11
$\begingroup$

In the first answer of this question it is said that every quantum observable, let's say $\hat{A}$, can be represented as a function of position and momentum observables. In other words, as I understand it, if $H$ is the Hilbert space spanned by position eigenkets, then every observable could be represented as: \begin{equation} \hat{A}=\hat{A}(\hat{x},\hat{p}) \end{equation} But, what are the mathematical (or physical?) reasons for this to be true?

Assuming this is true, then what happens if we consider the spin part of Hilbert space? Will there appear another pair of operators $(\hat{s_1},\hat{s_2})$ such that every observable in spin space can be represented as functions of $(\hat{s_1},\hat{s_2})$?

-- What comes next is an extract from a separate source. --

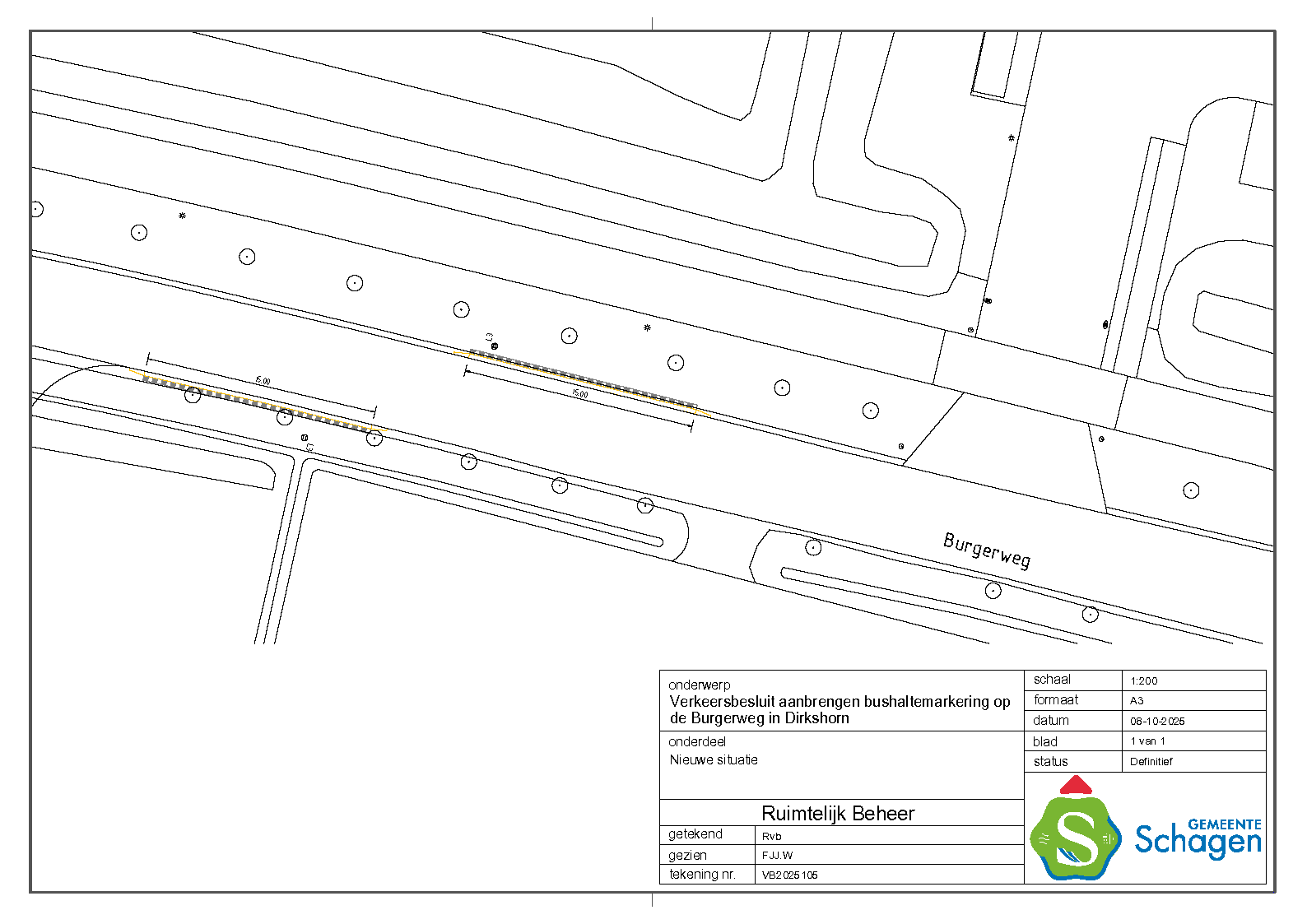 De aanleg van de blokmarkering op de bushaltes Beethovenlaan Schagen, Sportlaan Warmenhuizen en Burgerweg Dirkshorn wordt uitdrukking gegeven door;

I know that this are a many questions, but I am mainly interested on the first one. Thanks!

$\endgroup$
  • 4
    $\begingroup$ The spin isn't a function of position and momenta $\endgroup$ – Annibale Oct 2 '17 at 8:34
  • $\begingroup$ Yes, but spin is a function of position, momentum and spin $\endgroup$ – adiselann Oct 2 '17 at 8:46
  • $\begingroup$ Yes, I misunderstood the division between the two spaces. Now I suggest not to divide in two spaces, but two options: with or without spin. If there is spin in our space also exist observables that are functions of position, momentum and spin $\endgroup$ – Annibale Oct 2 '17 at 9:17
  • 1
    $\begingroup$ I think OP is asking a valid question: Are all observables on the Hilbert space spanned by $|x\rangle$ a function of $\hat x$ and $\hat p$. I would think the answer is "yes for all practical purposes" but I don't know a proof. $\endgroup$ – Noiralef Oct 2 '17 at 9:19
  • $\begingroup$ In practice, what $A(x,p)$ are there beyond the trivial $x$ and $p$, and then the Hamiltonian? For the latter, it comes from the quantisation recipe and the trivial fact that for a classical system, the Hamiltonian system is by definition function of $x$ and $p$ (not the operators this time). $\endgroup$ – user154997 Oct 2 '17 at 9:29
13
$\begingroup$
  1. In classical physics, the definition of an observable is that it is a (reasonably smooth) function of position and momentum. Therefore, quantum systems obtained purely by quantization of a classical system also have that all their observables are functions of position and momentum.

  2. In quantum physics, an observable is just an operator designate to belong to the "algebra of observables". There is no a priori reason to even have position and momentum operators, and indeed, systems with finite-dimensional state spaces (such as qubits or other system without a positional degree of freedom) don't have a position or momentum operator to begin with because the CCR $[x,p] = \mathrm{i}\hbar$ cannot hold on a finite-dimensional space.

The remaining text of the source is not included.